Devices (or at least *most* devices - ethernet cards are one
exception) require 2 things to work:

  a) The driver must be enabled in the kernel. Where a driver
     provides facilities for multiple services (or "devices")
     the appropriate number must be enabled,

 - and -

  b) The device files must exist in /dev (created via MAKEDEV
     which runs mknod, or by running mknod manually).

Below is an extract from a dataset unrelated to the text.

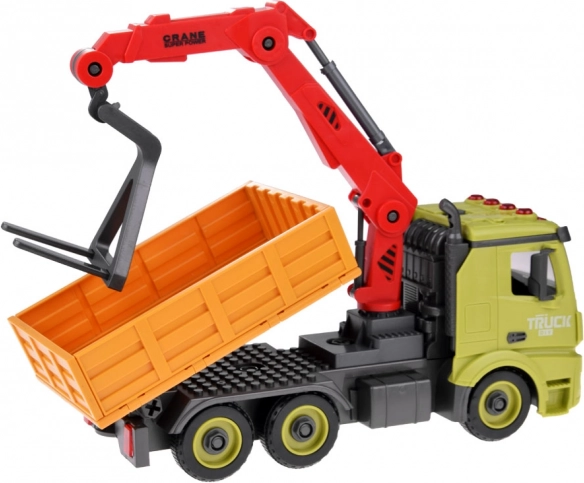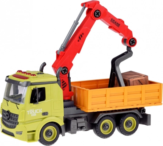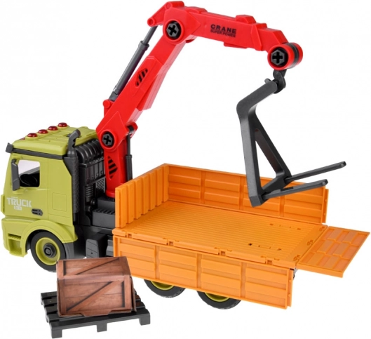 Този пластмасов камион с кран в живи цветове е готов за часове забавление. Въртящото се и изтеглящо се рамо повдига щайга, отваряемата странична стена улеснява товаренето, а фрикционното задвижване се грижи за плавен старт без батерии. За интерактивна игра са налични звукови ефекти – стартиране на двигателя, клаксон, тон при заден ход и маяк.

Your "/dev" (devices) directory is the userland "vector" by which
application programs talk to the kernel. If an application wishes
to use a device - and in this case, I mean /sbin/init, which
opens the vts and starts up getty processes on them - then that
application will attempt to open the corresponding file in /dev
in order to talk to the running kernel. Now, the kernel must have
the device, and the appropriate number of devices configured, for
that open() to succeed.

[the short answer]

/sys/i386/conf/MYKERNEL (your kernel configuration file) has an
option that sets the number of console devices allowed for the
kernel at runtime. This effective sets the number of vts that
*can* become active.

option MAXCONS=n   (where 'n' is a number)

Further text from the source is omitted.